### Exercise
Every line of the listing below is to be duplicated exactly, with the pictures left out.

==== Given data ====

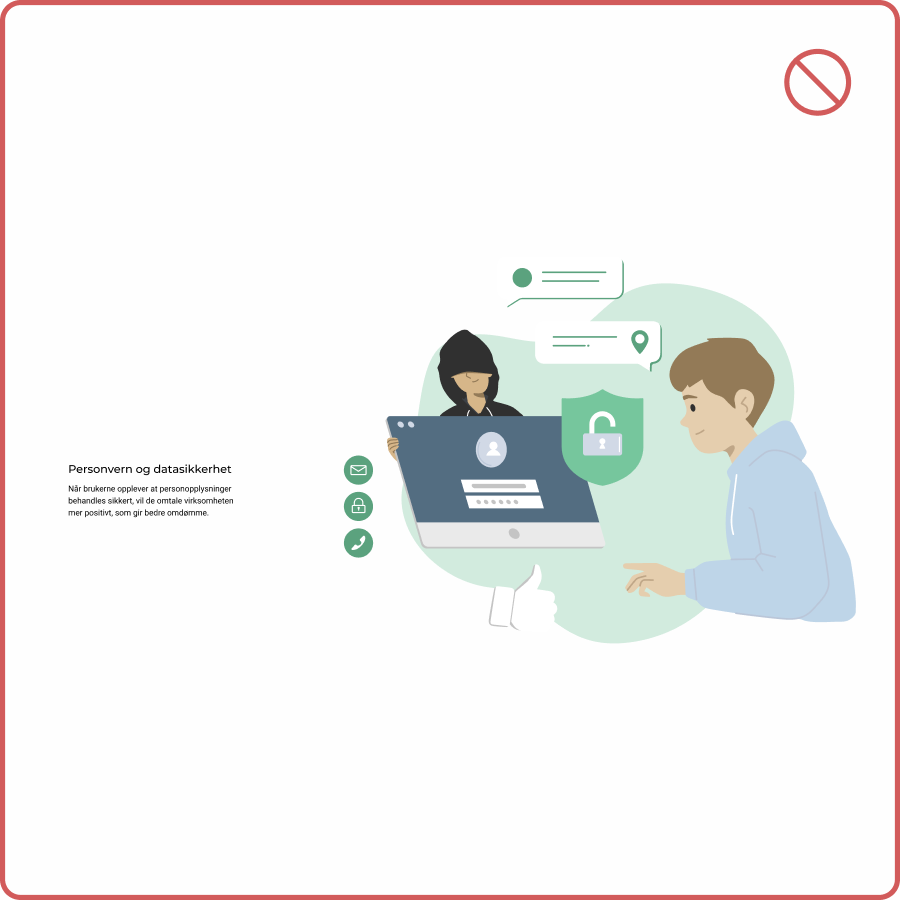 Ved behov for å illustrere noe sårbart, skal illustrasjoner brukes framfor foto av hensyn til personvern. I andre situasjoner velger vi mellom illustrasjoner og foto avhengig av hva som fungerer best i konteksten.
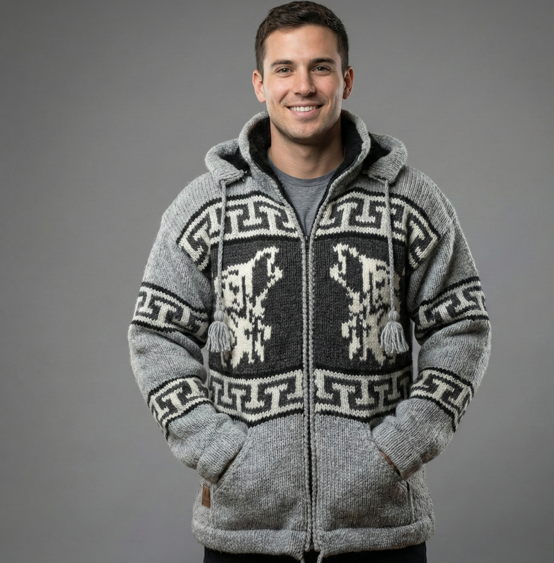 Our jackets come from Indigenous countries—Peru, Guatemala, Mexico, and Ecuador—and are 100% handmade. Our blankets are manufactured in Canada, and our beadwork is made by local artisans in Alberta.
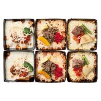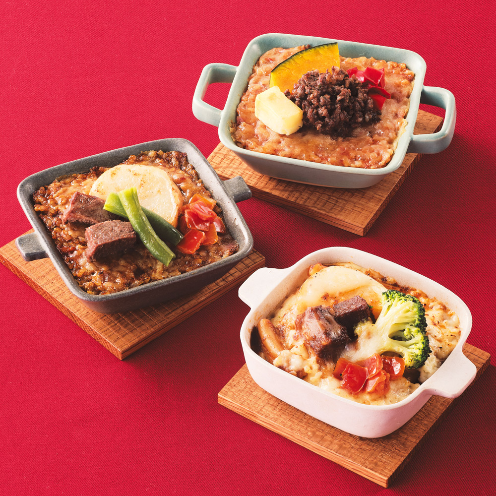 黒毛和牛の角切り肉やそぼろ肉を彩り野菜とともにトッピングした焼きカレー・ドリア・グラタンのセットです。
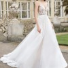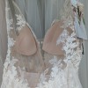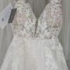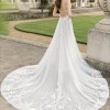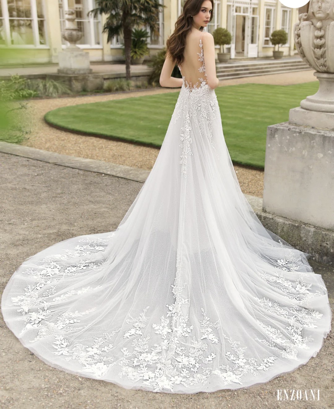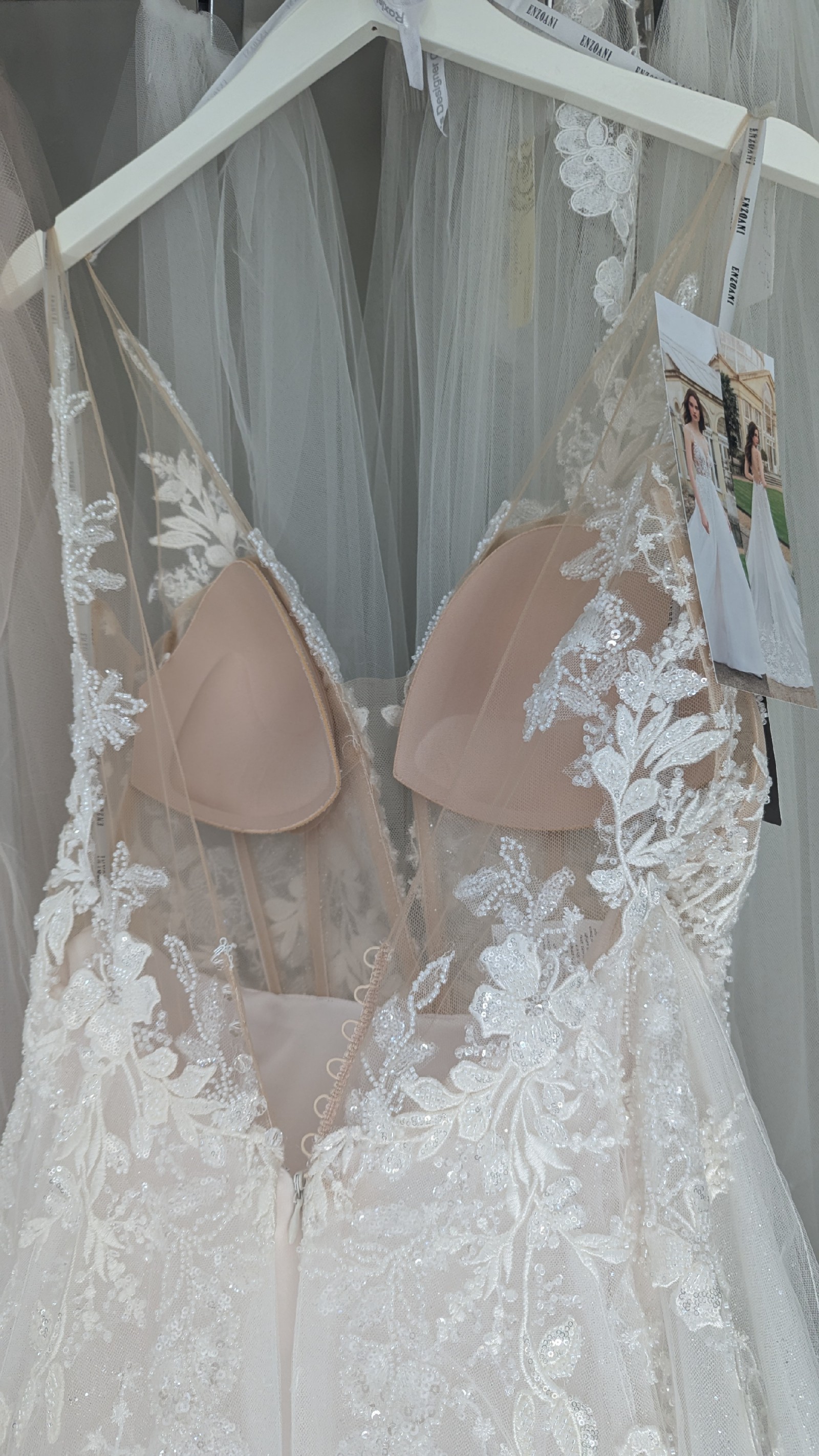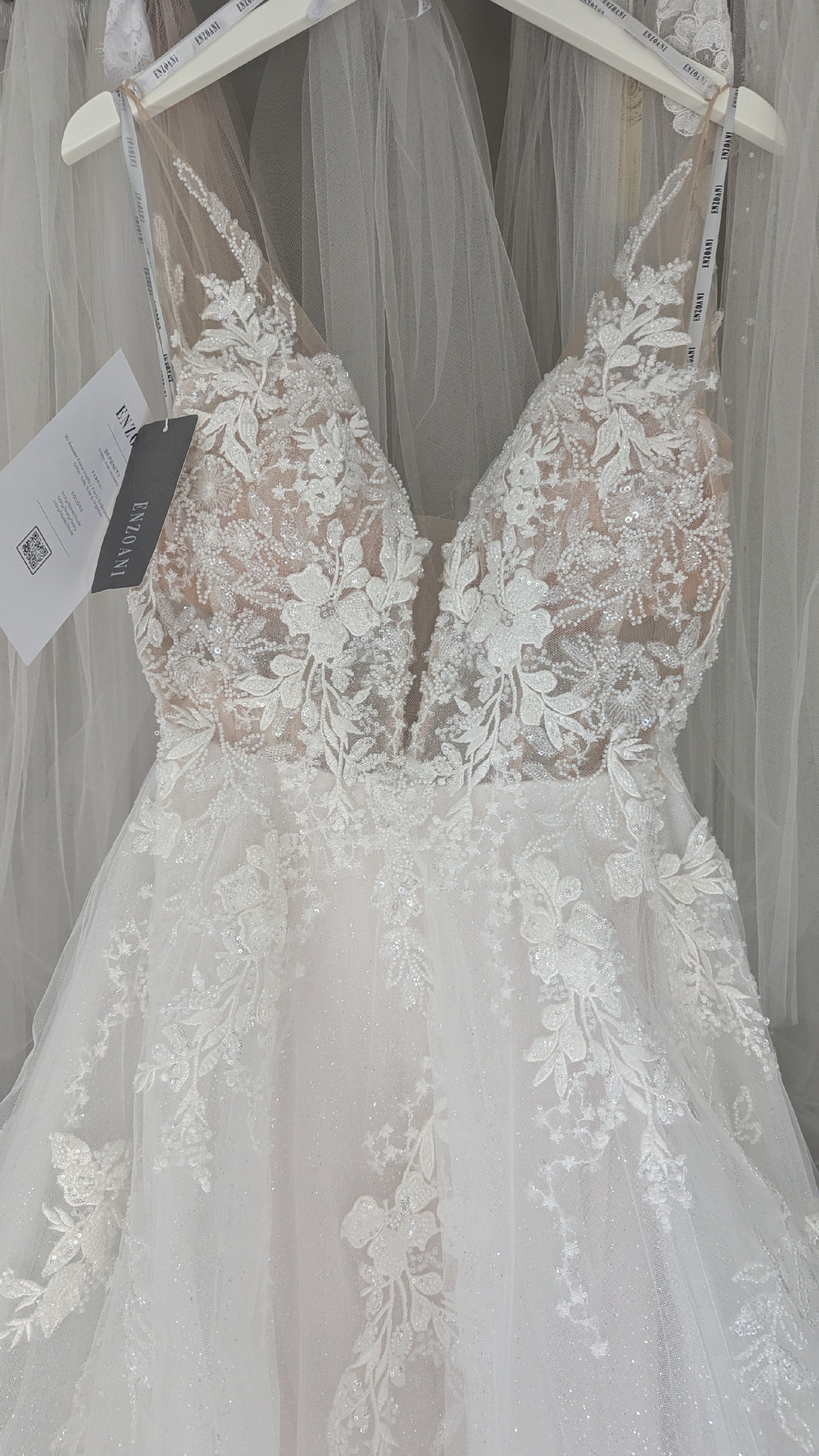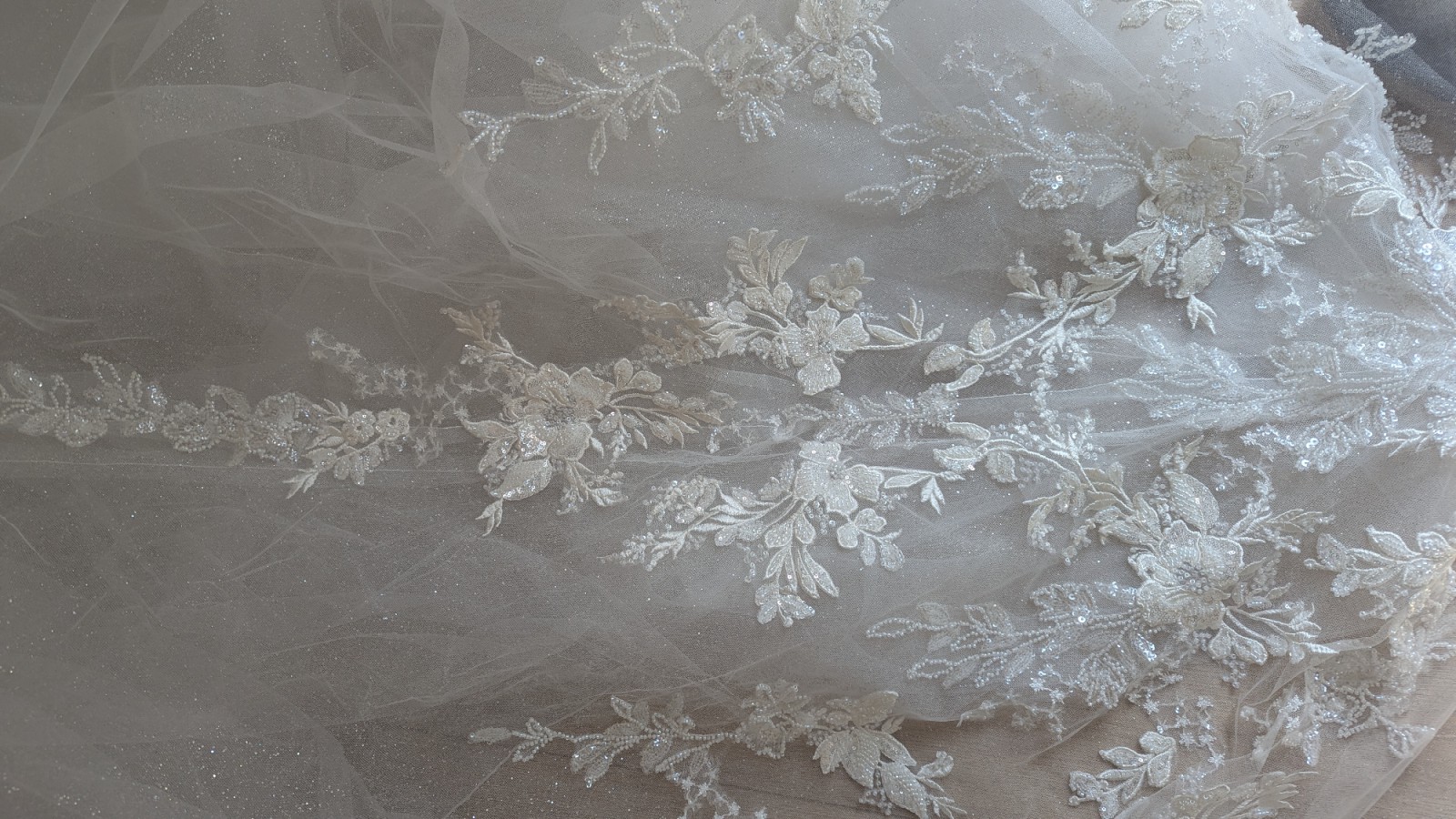 Full airline silhouette with its feature light Volume for an ultra romantic aisle style serenity features a plunging illusion V neckline on an illusion corset bottles open V back and a long lavish organza and tool trains with a shimmering layer underneath for added texture and subtle sparkle exquisite 3D beaded floral motifs and the customized thick dimensional floral embroider lace from top to bottom completes it's real look.

====

### Answer box
 Ved behov for å illustrere noe sårbart, skal illustrasjoner brukes framfor foto av hensyn til personvern. I andre situasjoner velger vi mellom illustrasjoner og foto avhengig av hva som fungerer best i konteksten.
 Our jackets come from Indigenous countries—Peru, Guatemala, Mexico, and Ecuador—and are 100% handmade. Our blankets are manufactured in Canada, and our beadwork is made by local artisans in Alberta.
 黒毛和牛の角切り肉やそぼろ肉を彩り野菜とともにトッピングした焼きカレー・ドリア・グラタンのセットです。
 Full airline silhouette with its feature light Volume for an ultra romantic aisle style serenity features a plunging illusion V neckline on an illusion corset bottles open V back and a long lavish organza and tool trains with a shimmering layer underneath for added texture and subtle sparkle exquisite 3D beaded floral motifs and the customized thick dimensional floral embroider lace from top to bottom completes it's real look.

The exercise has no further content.